Isabel Coixet is one of the most prolific and award-winning Spanish filmmakers. In recent years, she has been exploring the narrative language of collage, a practice that, like her films, invites the viewer to reconstruct meaning from fragments.

Isabel Coixet is one of the most prolific and awarded Spanish filmmakers, with 14 feature films, seven documentaries, and ten Goya Awards, more than any other female director in the history of Spanish cinema. In 2020, she received the National Cinematography Award, and in 2015 she was honored with the ‘Chevalier des Arts et des Lettres’ Medal by the French Ministry of Culture.
For years, Coixet has been exploring another narrative language: collage.
A practice that, like her films, invites the viewer to reconstruct meaning from fragments, to inhabit the unfinished and the ambiguous. Her works, made with clippings, old photographs, letters, and found objects, recall classic Hollywood storyboards, but also the avant-garde tradition of Hanna Höch or Kurt Schwitters. These are pieces born from diversion and drift, offering a subtle disobedience: stepping out of the comfort zone and relearning how to look.

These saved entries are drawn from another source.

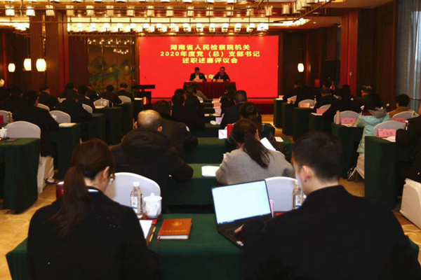 本次述职评议考核会结合支部书记培训班组织召开,6名支部书记进行现场述职,其他支部书记书面述职。张恒洲在认真听取现场述职和查看书面述职报告后进行了集中点评,充分肯定了各支部书记履行党建责任取得的成绩,指出了存在的短板和共性的薄弱环节。要求大家提高政治站位、强化责任担当、勇于探索创新,全面贯彻落实新时代党的建设总要求和党的组织路线,以强有力的党建引领开启湖南检察事业新征程,为实施“三高四新”战略、建设现代化新湖南贡献检察力量,以优异成绩献礼建党100周年。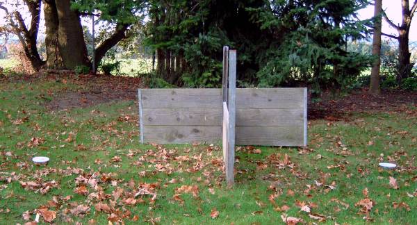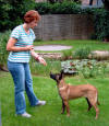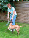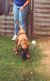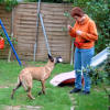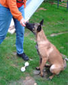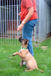 Der Hürdensprung Vorbereitung; die Hürde wird auf die entsprechende Trainingshöhe gebracht, zwei Futterdosen dienen als Ziel und Bestätigung nach erfolgtem Sprung. Einstellen des Hundes zum Ziel beim Hinsprung; Belohnung nach freiem Springen Kommando HOPP! Rücksprung und Belohnung beim Hundeführer Erwünschte Verknüpfung : Hin- und Rücksprung gehören immer zueinander! Alice ist nun schon 6 Monate alt und da sie sowieso den ganzen Tag herum hüpft, als ob sie Sprungfedern gefressen hätte, können wir genauso gut mit dem springen über die 1m Wand beginnen. Natürlich wird die Hürde erst einmal auseinander genommen, so dass die zu meisternde Höhe bei der ersten Übungsstunde ausschließlich aus einem einzigen Brett besteht. Diese Distanz hat den Vorteil, dass sie a: leicht übersprungen werden kann ohne vom Hund berührt zu werden und b: der Hund ist in der Lage zu sehen was sich hinter der Hürde befindet, kann er dies nicht könnte sich hier eine gewisse Unsicherheit einschleichen, die uns am freien Arbeiten des Hundes hindert. Auch bei dieser Übung möchte ich die Hündin nur passiv beeinflussen und nicht zum Springen zwingen. Vielmehr soll sie frei und selbstständig ihre eigene Sprungtechnik entwickeln, denn wer sollte besser wissen wann man am besten abspringt, wenn nicht der Hund selbst. Die Hürde an sich hat auch zunächst einmal überhaupt nichts mit Apportieren zu tun. Alice soll nun erst mal Hin- und Rücksprung miteinander verbinden, so dass es später egal sein wird, wo sich der Hundeführer befindet. Hin- und Rücksprung gehören einfach immer zusammen! Damit für den Hund ein gewisser Anreiz entsteht das Hindernis zu überspringen, wird eine gut sichtbare Dose mit Futter hinter der Wand positioniert. Nun haben wir ein konkretes Ziel, das wird dem Hund helfen den richtigen Punkt zum abspringen zu finden und wir benötigen keine Zwangseinwirkung. Ich halte Alice so dicht vor der Hürde, dass ein Vorbeilaufen kaum möglich ist und mache sie auf das Futter aufmerksam. Dann wird sie losgelassen, beim Überspringen des Hindernisses erfolgt der CLICK und auf der anderen Seite darf gefressen werden. Idealer Weise könnte nun eine Hilfsperson den Hund neu einstellen, damit der Hundeführer Zeit hat eine zweite Futterdose auf der anderen Seite auf zu stellen und wir verfahren wie gehabt. Alice neigt nicht dazu dem Hindernis aus zu weichen, es ist ja auch noch nicht wirklich hoch. Normalerweise stellt sich ein solcher Fehler auch nicht ein, wenn man nicht zu schnell die Höhe verändert und der Hund sein Ziel gut sehen kann. Später wird ihm dann diese Übung zur Gewohnheit werden und er wird seine Futterdose an der anderen Seite der Hürde erwarten. Sollte er doch einmal vorbei laufen, darf natürlich auch keine Bestätigung erfolgen. Am besten steht immer eine Hilfsperson bereit, die dann die Futterdose einfach wegnimmt wenn die Hürde verweigert wurde. Die Übung wird mit einem Wort für "Falsch gemacht" z. B. NEIN! beendet und von Neuem begonnen. Der Hund soll möglichst aus eigenem Antrieb verstehen das es eine Belohnung nur nach dem Sprung gibt. Nach vielen, vielen Übungsstunden wird die Hürde immer ein Bisschen höher gestellt, je nach alter und Sprungtalent des Hundes natürlich. Hierbei ist darauf zu achten, dass der Hund niemals eine Negativverknüpfung mit der Hürde haben darf. Also lieber noch mal ein Brett rausnehmen wenn`s mal nicht so gut klappt. Hat der Hund nach einigen Trainingseinheiten dann wirklich verstanden, also Springen=CLICK=Triebziel, dann wird im Laufe der Zeit nur noch nach dem Rücksprung belohnt. Das Lernziel Hin- und Rücksprung gehören zusammen sollte dann erreicht sein. Bei diesem Übungsaufbau wird der Hürdensprung schnell zur Lieblingsbeschäftigung des Hundes und wir erhalten einen sicher springenden und freudig arbeitenden Teampartner. Viele Leute beginnen den Hürdensprung erst mit dem erwachsenem, körperlich ausgereiften Hund und ziehen ihn dann gleich über die komplette 1 m Wand, am Besten noch mit einem Leinenruck mit dem Ergebnis das der Hund dann die Hürde negativ verknüpft und diese dann ständig abtaxiert und nie den richtigen Punkt zum abspringen findet. Zögerndes Springen, Aufsetzen oder Anstoßen ja sogar verweigern der Hürde sind dann die Folge. Auch finde ich, dass der Apport erst hundertprozentig am Boden klappen muss, bevor man mit dem Bringen über die Wand beginnt. Weil ich leider kein besonderes Talent zum geraden Werfen habe, ist es für mich ebenfalls sehr wichtig, dass der Hund von allein weis das der Hürdensprung aus Hin- und Rücksprung besteht, sodass bei Schräglage des Holzes nicht die Gefahr besteht, das er sofort zum Hundeführer läuft nur weil der aus seiner Sicht, nicht genau hinter der Hürde positioniert ist. Meine Bijou hat das auf diese Art und Weise gut begriffen und mir so einige Male "das Leben gerettet!!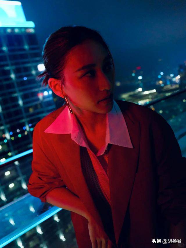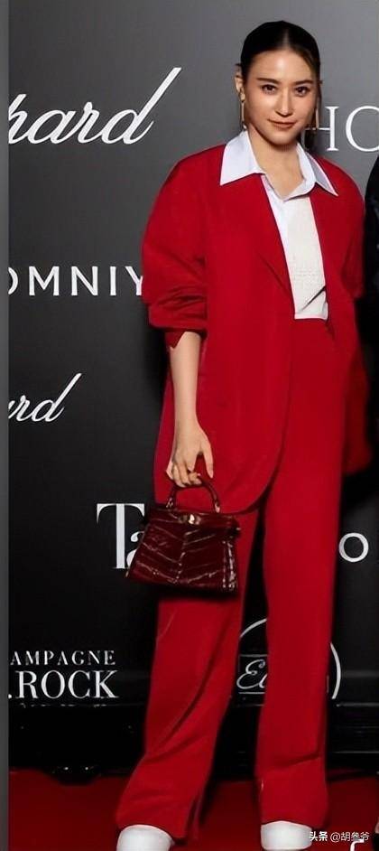 一身红色廓形西装,剪裁利落,配色明艳,穿在她身上帅气又干练,活脱脱一个霸道女总裁。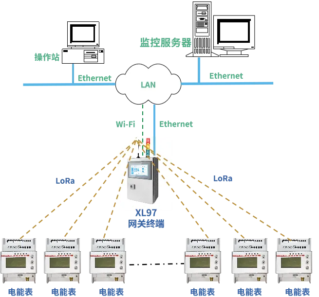 DTSD3366D/XL系列三相電子式電能表,通過LoRa無線傳輸電流數(shù)據(jù)至XL97網(wǎng)關(guān)終端,可實(shí)現(xiàn)就地監(jiān)控;XL97網(wǎng)關(guān)終端通過Ethernet或Wi-Fi推送數(shù)據(jù)至監(jiān)控平臺,實(shí)現(xiàn)遠(yuǎn)程監(jiān)控。

In 2025, Coixet presented a selection of these works at the Thyssen-Bornemisza Museum, as part of the exhibition Learning in Disobedience, curated by Estrella de Diego. The show features around fifty collages made between 2021 and 2024, blending found objects, ephemeral materials, painterly strokes, and an intimate, deeply personal visual narrative.
For the first time, Max Estrella is exhibiting her Italian Collages, a series conceived during the filming of her latest feature in Rome. In these, Coixet transforms both her own images and those of others into tactile, almost three-dimensional surfaces where time folds in on itself and collective memory intertwines with individual identity. As in her films, it’s not enough to simply look: one must reassemble, between the lines and the silences, what is not entirely said.